AIM OF THE EXERCISE → Using the records below, return exactly the lines from the one containing "Con un cucharón, cuchara" through the last, and omit pictures.

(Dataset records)
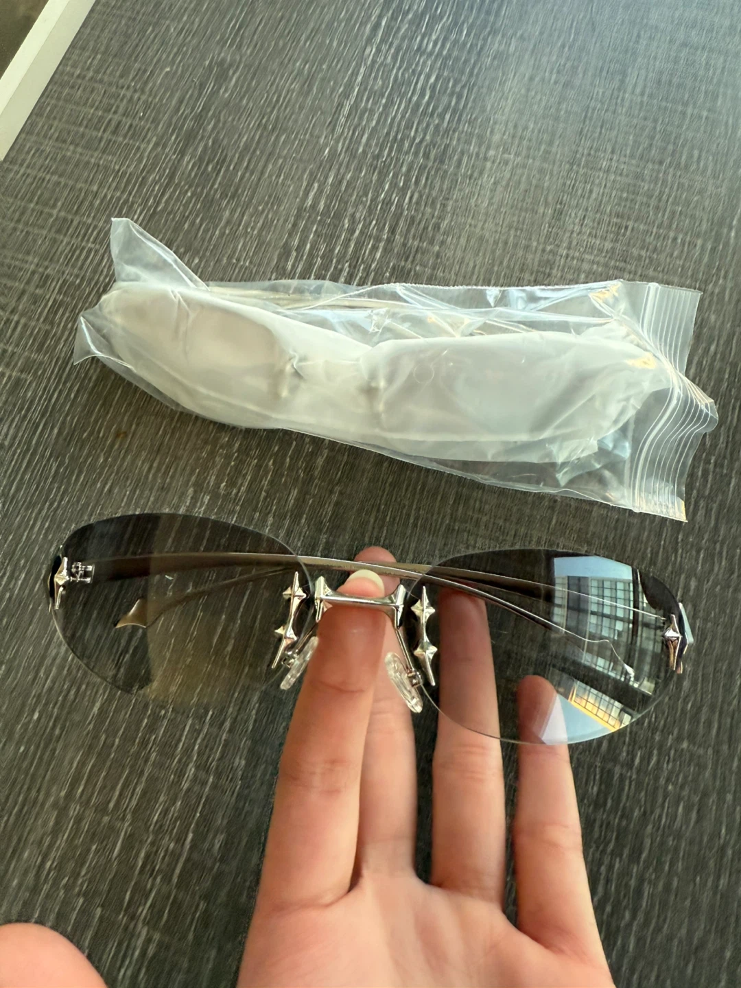 Selling these stylish rimless sunglasses with star details! They're in great condition and come with a protective pouch to keep them safe. Perfect for adding a bit of sparkle to your look!
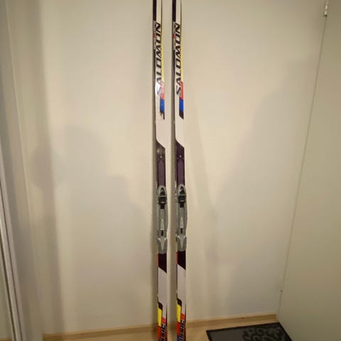 Hyväkuntoiset, vähälle käytölle jääneet Salomonin 196-senttiset perinteiseen hiihtoon sopivat sukset SNS Profil-siteellä.
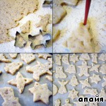 На присыпанном мукой столе раскатала тесто и при помощи форм для печенья вырезала фигурки. А при помощи палочки сделала маленькие отверстия в пряниках. Готовые пряники уложила на пекарскую бумагу на противень. Выпекала в заранее разогретой духовке при 180град. 15-20 минут.
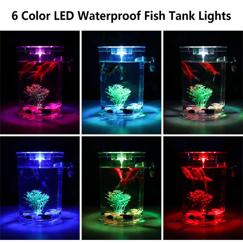 - đŠ ăDazzling Colorsă Automatic switching LED lighting with 7 dazzling color selections to brightly illuminate your fish. Uses 2pcs CR2032 button cells.
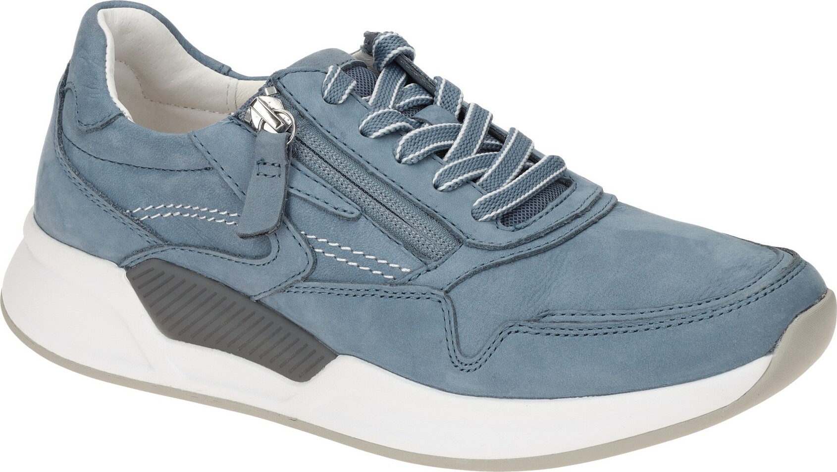 Marke: GaborModell-Nr.: 46.957.26Modellname: ROLLINGSOFTArt: Damenschuhe - sportliche Schnür- Halbschuhe, SneakerFarbe: hellblau +, grau +, Sohle in weiß (heaven)Obermaterial: Echtleder - Nubuck (Nubuk DriTan)Innenfutter: Echtleder und TextilInnensohle: Echtleder Komfort FußbettWechselfußbett: herausnehmbare InnensohleLaufsohle: GummisohleVerschluss: Schnürung und ReißverschlussAbsatz: flach - kein AbsatzSchuhform: rundGrößenangabe: fällt normal ausWeitenangabe: G - normal Weiteinterne Artikelnummer für Ihre Rückfragen: 236-86-0074
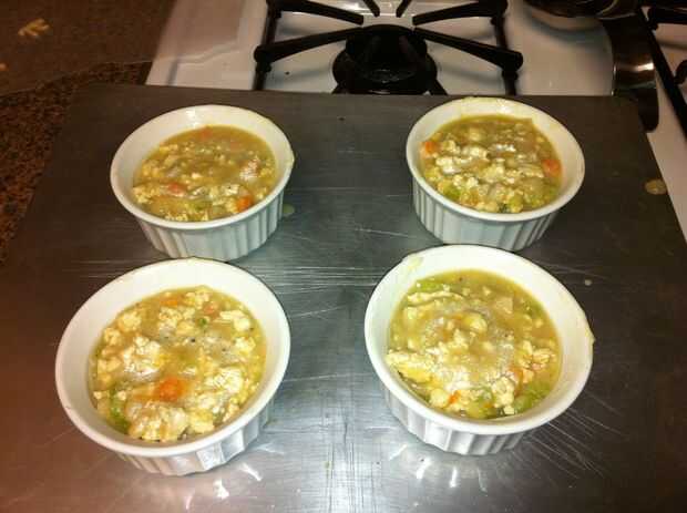 Con un cucharón, cuchara cantidades iguales de la mezcla de verduras y sopa de pollo en cada molde.
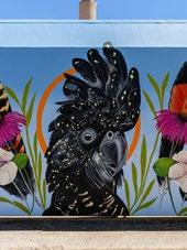 Karine Tremblay is an Alice Springs based artist. She has been in Alice since 2010. Karine was born in Montreal, Canada where she obtained a Bachelor degree in Set Design. Focusing on set painting in her early career, it saw her work for circuses and theatre productions in Canada and China. In the last 10 years she has developed her painting skills to create portraits and larger scale murals where she feels the happiest. Karine’s style of work integrates native flowers, birds and feminine lines to underscore her concern for climate change and the impact on local biodiversity. We last caught up with Karine at the 2021 Street Art Festival where she painted the mural Irrarnte at the Hospital.
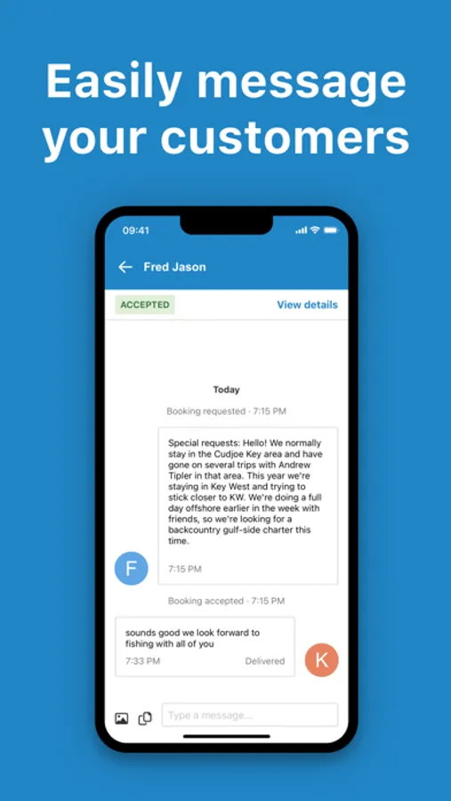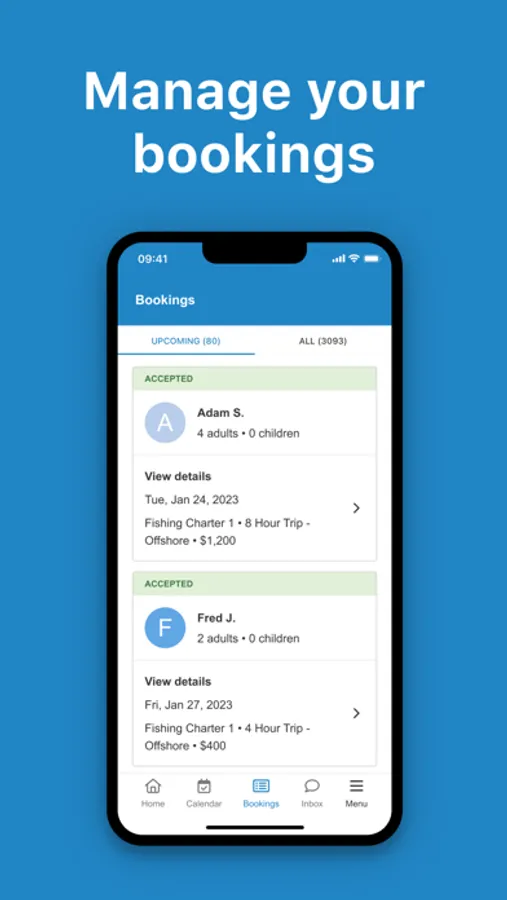 - Manage your bookings – view info, accept trips, and invite customers to fish with you

REPLY TO THE TASK →
 Con un cucharón, cuchara cantidades iguales de la mezcla de verduras y sopa de pollo en cada molde.
 Karine Tremblay is an Alice Springs based artist. She has been in Alice since 2010. Karine was born in Montreal, Canada where she obtained a Bachelor degree in Set Design. Focusing on set painting in her early career, it saw her work for circuses and theatre productions in Canada and China. In the last 10 years she has developed her painting skills to create portraits and larger scale murals where she feels the happiest. Karine’s style of work integrates native flowers, birds and feminine lines to underscore her concern for climate change and the impact on local biodiversity. We last caught up with Karine at the 2021 Street Art Festival where she painted the mural Irrarnte at the Hospital.
 - Manage your bookings – view info, accept trips, and invite customers to fish with you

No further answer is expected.